この「第三のビール」の誕生により、通常のビールは「第一のビール」(以下、ビールといいます)、そして発泡酒は「第二のビール」といわれる位置づけにありますが、発泡酒は低価格で人気を呼び、ビールに代わる晩酌の友として家庭に入り伸びてきました。しかし、2003年5月の増税により、値上げとなり去年の売り上げは減少傾向で終わりました。

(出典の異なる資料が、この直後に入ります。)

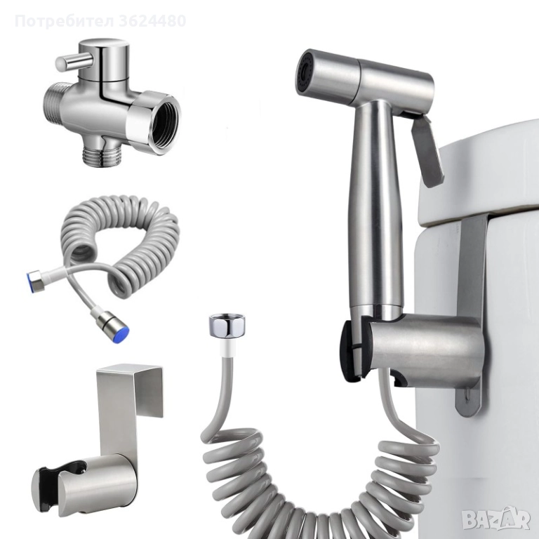 Ръчен биде душ за тоалетна – Комплект от неръждаема стомана с 3-посочен вентил

そこで登場したのが「第三のビール」というわけです。消費者にとって、「第三のビール」の魅力はなんと言っても安価であることです。350ミリリットル入り缶一本あたりの店頭での実勢価格(ばら売り、税込み)は、ビールが約210円、発泡酒がおよそ115~120円、「第三のビール」が100~105円程度で販売されています。
この価格差は何からきているでしょうか。それはそれぞれにかかる税率の違いにあり、その税率の違いは使用する原料の差からきています。すなわち、原料に酒税の基準となる麦芽が多いか少ないか、あるいは含まれていないかによって税率が決まります。含まれる麦芽が多ければ税率が高く、少なければ低くなります。

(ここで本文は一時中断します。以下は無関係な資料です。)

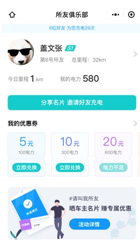 这其中社群建设是用户运营的重要手段。张佳将所乐的用户称作“所友”,搭建了“所友俱乐部”微信小程序作为更高优先级的用户运营。用户收到车之后,经过注册账号、激活车辆、绑定所乐电动APP和所友俱乐部小程序一连串步骤,将账号权限统一打通。所友俱乐部小程序同步所乐电动APP内的行驶里程,并形成用户名片。用户可以将其分享给微信好友或者微信朋友圈邀请好友充电,以此获得电力值。累积的电力值可以兑换成购买官方配件的优惠券,在所乐的微信商城购买。由此所乐将用户内容同时作为营销内容进行分发和投放,实现内容营销。

ビールは麦芽(大麦を発芽させたもの、モルト)を主原料としているのに対して、発泡酒はビールより少ない麦芽を使用し、「第三のビール」は麦芽を使いません。この差が価格差となり、「第三のビール」が安いわけです。
もう少し説明しますと、ビールは漢字で麦酒と書くように麦芽を主原料として、大麦、ホップ、酵母、水、副原料(米、トウモロコシ、デンプンなど)を原料とし醸造した、炭酸ガスを含むアルコール飲料です。麦芽からくるビール独特の琥珀色を持ち、ホップに由来する苦みと芳香を有し、持続性の泡を生ずる特徴があります。
また発泡酒は、原料として麦芽をある程度使用し、発泡性(炭酸ガス)を持つ酒類(雑酒)の総称ですが、酒税法によると、ビールは麦芽の比率が67%以上の発酵酒のことで、これに対して麦芽の比率が67%未満の場合は雑酒のなかの発泡酒に分類されています。なお、発泡酒は3段階で課税されますが、最大限節税しようとして、麦芽を25%未満(約24%含有)に抑えているものがほとんどです。ここに発泡酒の安さの秘密があるわけです。

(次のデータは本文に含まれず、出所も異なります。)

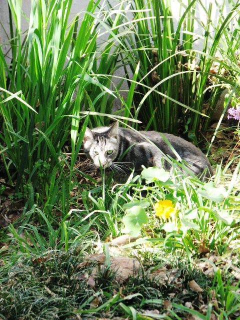 We also have a feline interloper. I don’t know her name. She initially tormented Fruffy so we were constantly chasing her from the premises. But now they’ve made friends so she’s allowed to hang around. I caught her staring at me through the window yesterday.

これに対して、「第三のビール」は色や味はビール風に似せてありますが、酒税法上の税率を低く抑えるために造られたビールにも発泡酒にも属さない発泡性アルコール飲料です。酒税の基本となる麦芽を使わないために、発泡酒よりさらに税率が低くでき、安くなるわけです。
そのため、ひとくちに「第三のビール」といっても複雑で、メーカー、銘柄によって原材料に工夫がほどこされているようです。糖類(水飴・カラメル)にたんぱく質を加え、発酵させて造られるのが主流のようですが、麦芽の代わりにエンドウ豆(たんぱく質)を使用した商品は「その他の雑酒」、発泡酒をベースにスピリッツ(麦焼酎など)をとブレンドした商品は「リキュール類」として分類されています。
なお、ホップで苦味を加えますが、麦芽を使わないので、本来の「第三のビール」はビール特有の琥珀色がありません。「琥珀色」は「ビールらしさ」を示す重要な要素のために、「カラメル」や、「おでん汁(糖類とアミノ酸)=メラノイジン」で琥珀色や味を加えるなど各社いろいろと工夫されているとのことです(朝日新聞から)。
しかしながら商品の性格上、昔ながらの力強い味を求める「ビール党」の人々には物足りないと評されいますが、一方では家庭の財布を握る主婦層からは「このご時世、倹約の為にはこれで我慢」とか、価格の魅力だけでなく、軽くて飲みやすいと愛好する人も多く、人気で、売り上げを伸ばしています。
業界発表によるビール類総出荷量(大手4社とオリオンビールの主要5社計)によると、大手4社すべてが市場に参入した4月には、「第3のビール」の出荷量はビール・発泡酒も含めたビール関連飲料全体の約2割(19.4%)に達し、それまでの最高になりました。2社だけだった前月に比べ一気に2.5倍となり、ビール・発泡酒に比べた価格の安さや飲み口の軽さを武器に、シェアが急拡大しています。反面、ビール・発泡酒とも大幅に減少し、特に発泡酒が苦戦を強いられているということです。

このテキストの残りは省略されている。